With state elections due in 2026, the Bangladesh crisis has become a domestic political issue in unexpected ways. The question of who polices the borders—and all the ensuing border blame game—should stop for now. It’s on the BSF and their minders in the Union home ministry. Mamata Banerjee has not only turned the tables on the BJP, she has also disarmed critics who have been accusing her of Muslim appeasement, even if they are not the so-called ‘registered’ BJP voters, listed by the panna pramukhs in every municipal ward and village across India.
On a different note, beleaguered as she might be, Mamata Banerjee is quick to take advantage of every opportunity and adroit at neutralising the negative impact of any incident. Her response to the horrific rape and murder of a postgraduate woman doctor at the staterun R.G. Kar Hospital & Medical College is a lesson in political management.
Acutely conscious of the public perception that women are no longer really safe in a West Bengal overtaken by lawless goons connected with her party, Mamata Banerjee has led a calibrated escalation of pressure on the city police to find and bring the culprit/ culprits to trial.
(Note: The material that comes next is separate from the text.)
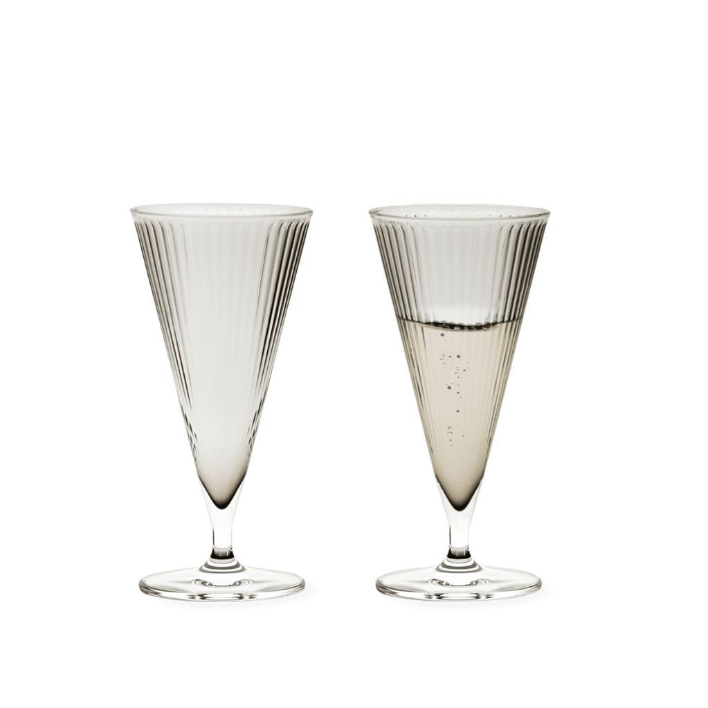 Rustikale und elegante Champagnergläser von Rosendahl, perfekt für den täglichen Gebrauch. Die Gläser sind in einem schönen Rauchton gehalten und weisen wiederkehrende Rillen auf der Oberfläche auf, die ein raffiniertes optisches Spiel erzeugen. Da die Gläser mundgeblasen sind, ist jedes ein Unikat und ein elegantes Beispiel für funktionale Gläser für den modernen Alltag.

Her latest salvo is a threat, delivered as an ultimatum with a deadline: if the police fail to find the perpetrator/s, she will call in the CBI. For years, Mamata Banerjee has said the CBI is being misused by its controllers, namely the prime minister and his flunkeys for partisan purposes.
By invoking the CBI as an effective agency for the investigation of crime, Mamata Banerjee has challenged the BJP, proving she has nothing to fear from an ‘agency’ if it does its job and just that.